# [Aim of the exercise]
Type the listing below out again exactly. No images.

# [Stored data]

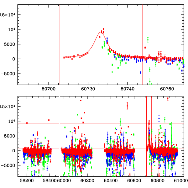 ● CTIO ● SAAO ● SSO ● Largest local dchi2 value (same as site of EVENT name) ● Local dchi2 is less than 0.05 times global dchi2 KMTA14_I.diapl KMTC14_I.diapl KMTS14_I.diapl gzipped tar file for all DIA data | |
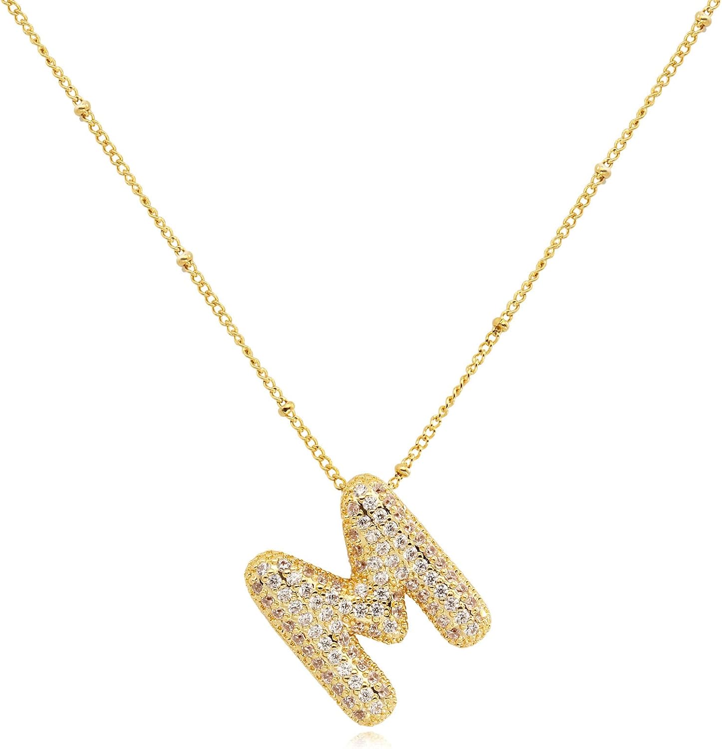 FUTIMELY Women's Gold Initial Necklace | Puffy Alphabet Pendant | Personalized Name Gifts | Trendy Balloon Chain With Zircon Crystals
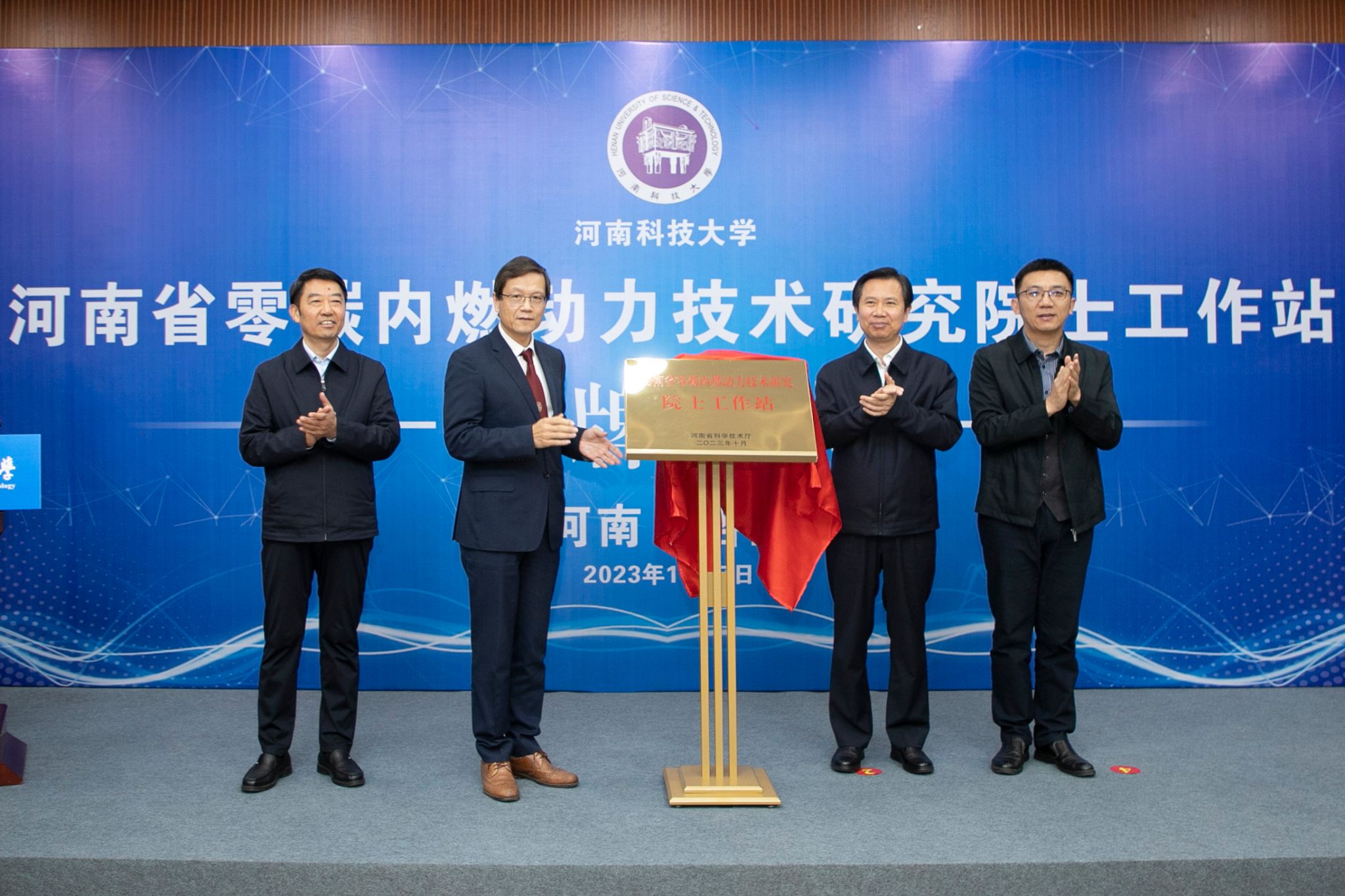 校新闻中心讯 11月7日,由中国工程院外籍院士赵华领衔的河南省零碳内燃动力技术研究院士工作站在我校揭牌成立。省委常委、洛阳市委书记江凌,中国工程院外籍院士赵华,校党委书记、校长王洪彬,省科技厅副厅长潘刚出席揭牌仪式,并共同为院士工作站揭牌。这标志着洛阳市在汇聚高端人才、推动产学研深度融合方面又迈出重要一步,也将有力推动我校“双一流”大学创建和洛阳先进制造业高质量发展。

# [Solution for this exercise]
 ● CTIO ● SAAO ● SSO ● Largest local dchi2 value (same as site of EVENT name) ● Local dchi2 is less than 0.05 times global dchi2 KMTA14_I.diapl KMTC14_I.diapl KMTS14_I.diapl gzipped tar file for all DIA data | |
 FUTIMELY Women's Gold Initial Necklace | Puffy Alphabet Pendant | Personalized Name Gifts | Trendy Balloon Chain With Zircon Crystals
 校新闻中心讯 11月7日,由中国工程院外籍院士赵华领衔的河南省零碳内燃动力技术研究院士工作站在我校揭牌成立。省委常委、洛阳市委书记江凌,中国工程院外籍院士赵华,校党委书记、校长王洪彬,省科技厅副厅长潘刚出席揭牌仪式,并共同为院士工作站揭牌。这标志着洛阳市在汇聚高端人才、推动产学研深度融合方面又迈出重要一步,也将有力推动我校“双一流”大学创建和洛阳先进制造业高质量发展。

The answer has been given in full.